Causal Interaction Trees: Tree-Based Subgroup Identification for Observational Data
This method addresses subgroup identification for treatment effects in observational studies, which is important for personalized medicine, but it appears incremental as it builds on existing tree-based algorithms.
The authors tackled the problem of identifying subgroups with enhanced treatment effects from observational data by proposing Causal Interaction Trees, which extend Classification and Regression Trees with splitting criteria to maximize treatment effect heterogeneity. They demonstrated performance through simulations and an application to right heart catheterization in critically ill patients, though no concrete numbers were provided in the abstract.

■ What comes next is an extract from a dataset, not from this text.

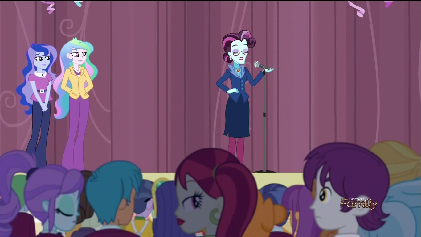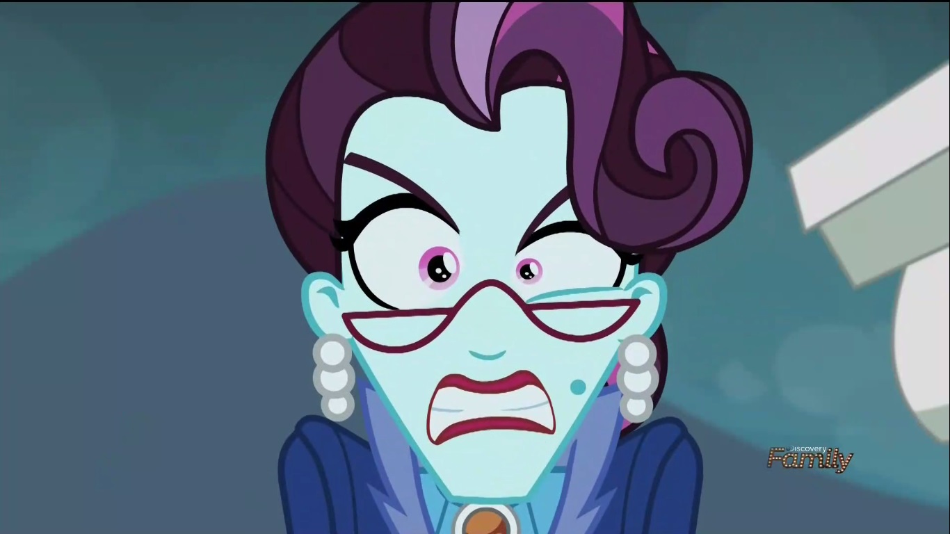 Seriously, how many times does Twi-prep’s amulet have to suck up mysterious substances before she thinks to put the damn thing away!? She SOMEHOW misses Pinkie Pie getting deflated, but she DOES notice a brand new side effect. The device can now open portals to another world (I’m guessing it got that ability by sucking up the portal), but the affect can be neutralized by closing the contraption. Oh well THAT’S good. The fate of the multiverse relies on a compact clasp working properly. Isn’t there a Friendship Games or something we should be getting to? Not yet, because Principal Cinch has to stop the party dead (kills the music and turns on the lights), get up on stage, and talk shit to Canterlot High IN THEIR OWN SCHOOL!! For someone who’s SO prim and proper, she has the WORST FUCKING MANNERS!!

We propose Causal Interaction Trees for identifying subgroups of participants that have enhanced treatment effects using observational data. We extend the Classification and Regression Tree algorithm by using splitting criteria that focus on maximizing between-group treatment effect heterogeneity based on subgroup-specific treatment effect estimators to dictate decision-making in the algorithm. We derive properties of three subgroup-specific treatment effect estimators that account for the observational nature of the data -- inverse probability weighting, g-formula and doubly robust estimators. We study the performance of the proposed algorithms using simulations and implement the algorithms in an observational study that evaluates the effectiveness of right heart catheterization on critically ill patients.